Journel, A.G. (1983). Nonparametric estimation of spatial distributions. Mathematical Geology, 15(3), 445–468. (The foundational paper on indicator-based geostatistics. Introduces the indicator transform as the basis for distribution-free spatial estimation, derives the Bernoulli-sill expression for $\gamma_I$ , and sets out the per-cutoff kriging framework that this section previews and §8.2 develops fully.)
Journel, A.G., Isaaks, E.H. (1984). Conditional indicator simulation: Application to a Saskatchewan uranium deposit. Mathematical Geology, 16(7), 685–718. (The first published application of Sequential Indicator Simulation to a real ore-grade dataset. Demonstrates the multi-cutoff workflow and the order-relations corrections on a high-stakes industrial dataset; one of the formative case studies for the SISIM algorithm subsequently codified in GSLIB.)
Matheron, G. (1965). Les Variables Régionalisées et Leur Estimation. Masson, Paris. (The classical Matheron 1965 estimator $\hat\gamma(h)$ that the indicator variogram inherits unchanged. The half-squared-increment formula at the heart of every two-point variogram estimator in this textbook.)
Goovaerts, P. (1997). Geostatistics for Natural Resources Evaluation. Oxford University Press. (§7.3 "Indicator-based methods" is the most thorough practitioner-level treatment of the multi-cutoff workflow, percentile-grid choice, order-relations corrections, and the connection to conditional CDFs. The organisation of §3.5 closely follows Goovaerts §7.3.1-§7.3.3.)
Deutsch, C.V., Journel, A.G. (1998). GSLIB: Geostatistical Software Library and User's Guide (2nd ed.). Oxford University Press. (§IV.1 documents the sisim program and its order-relations correction algorithm — the upward-then-downward sweep that enforces monotonicity and the [0, 1] bounds on the corrected CDF. The industry-standard implementation of multi-cutoff indicator simulation since the early 1990s.)
Isaaks, E.H., Srivastava, R.M. (1989). An Introduction to Applied Geostatistics. Oxford University Press. (Chapter 13 introduces the indicator transform and the median-cutoff variogram as a robust alternative to the continuous estimator.

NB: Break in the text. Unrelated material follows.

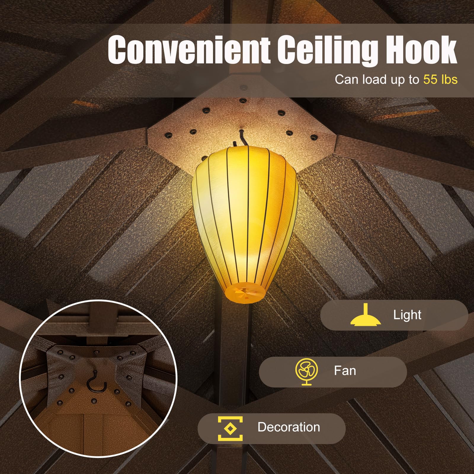 Enhance Your Outdoor Living Space! Our 10 x 10 ft/294 x 294 cm hardtop gazebo comes with a double-layer galvanized metal roof, ensuring good ventilation while offering superior protection from sun, rain, wind, and snow, which is a perfect year-round heaven for outdoor gathering. The aluminum frame is engineered for durability and stability, resistant to rust and reinforced with anchoring plates, including 12 expansion screws for securing of concrete floors, ensuring it remains securely anchored in place even during rough weather. Besides, featuring integrated double-layer sidewalls, complete with mesh netting and zippered curtains, you can enjoy an intimate setting free from “unexpected guests” and prying eyes, or open up to let the breeze flow through on warmer days. The addition of a ceiling hook provides versatile options to enhance the ambiance, easily hanging a light, fan, or flower basket to customize your setup for any event. From leisurely afternoon tea to lively evening parties, this gazebo is spacious enough to host a variety of activities!

The most readable practitioner-level introduction to the ideas in §3.5.)
Chilès, J.-P., Delfiner, P. (2012). Geostatistics: Modeling Spatial Uncertainty (2nd ed.). Wiley. (§5.5 develops the mathematical-statistics foundation of indicator covariances and their relation to bivariate distributions of $(Z(\mathbf{s}), Z(\mathbf{s}+\mathbf{h}))$ . The formal reference for the joint-distribution reconstruction that §3.5 sketches.)
Cressie, N. (1993). Statistics for Spatial Data (revised ed.). Wiley. (§2.4.1 discusses the indicator approach in the broader context of non-Gaussian spatial-statistical methods. The bridge between the indicator framework of this section and the broader mathematical-statistics treatment of spatial random functions.)
Pyrcz, M.J., Deutsch, C.V. (2014). Geostatistical Reservoir Modeling (2nd ed.). Oxford University Press. (§3.4 develops indicator methods for facies modelling in reservoir-engineering settings. The connection between the indicator variogram of §3.5 and the facies-classified reservoir models that §8.2 builds for production-forecasting workflows.)